Maya gains deposit funding advantage

Diving deeper into

Maya

Company Report
These players leverage existing customer relationships and transaction data but lack Maya's full banking license and deposit-taking capabilities.
Analyzed 6 sources

Maya’s banking license turns payments data into a funding advantage, not just a marketing advantage. GrabPay and ShopeePay can use ride, food, and shopping histories to push wallet use and credit offers, but Maya can also gather insured deposits inside the same app and recycle that money into savings products and loans. That gives Maya a cheaper, stickier balance sheet than a wallet that mainly moves money in and out.

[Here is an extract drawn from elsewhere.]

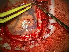 A craniotomy is a surgical operation in which a bone flap is temporarily removed from the skull to access the brain. Craniotomies are often critical operations, performed on patients who are suffering from brain lesions, such as tumors, blood clots, removal of foreign bodies such as bullets, or traumatic brain injury (TBI), and can also allow doctors to surgically implant devices, such as deep brain stimulators for the treatment of Parkinson's disease, epilepsy, and cerebellar tremor. The procedure is also used in epilepsy surgery to remove the parts of the brain that are causing epilepsy.

  • In practice, Maya lets a user start with wallet payments, then move cash into Maya Savings or Time Deposit Plus, then qualify for credit based on app behavior. That flow matters because Maya Bank is a BSP approved digital bank and its deposits are PDIC insured, so stored balances can become long term funding, not just wallet float.
  • GrabPay has strong built in distribution because it sits inside a high frequency transport and delivery app, and Grab says it is BSP regulated. But the product is still a wallet centered around paying for Grab services and merchants, not a full deposit taking bank stack with insured savings accounts under its own bank license.
  • ShopeePay and GrabPay start from captive commerce demand, while Maya starts from regulated money storage. That creates different economics. Platform wallets are good at driving checkout conversion and repeat spend. Maya can make money on payment fees, net interest margin on deposits and loans, and merchant acquiring, all on one rail.

The next phase of competition is likely to center on who becomes the primary place where Filipinos keep salary money, not just where they spend it. If Maya keeps converting wallet users into depositors, it can fund more credit and deepen merchant relationships, which is a harder position for commerce and ride hailing wallets to replicate without a full bank license.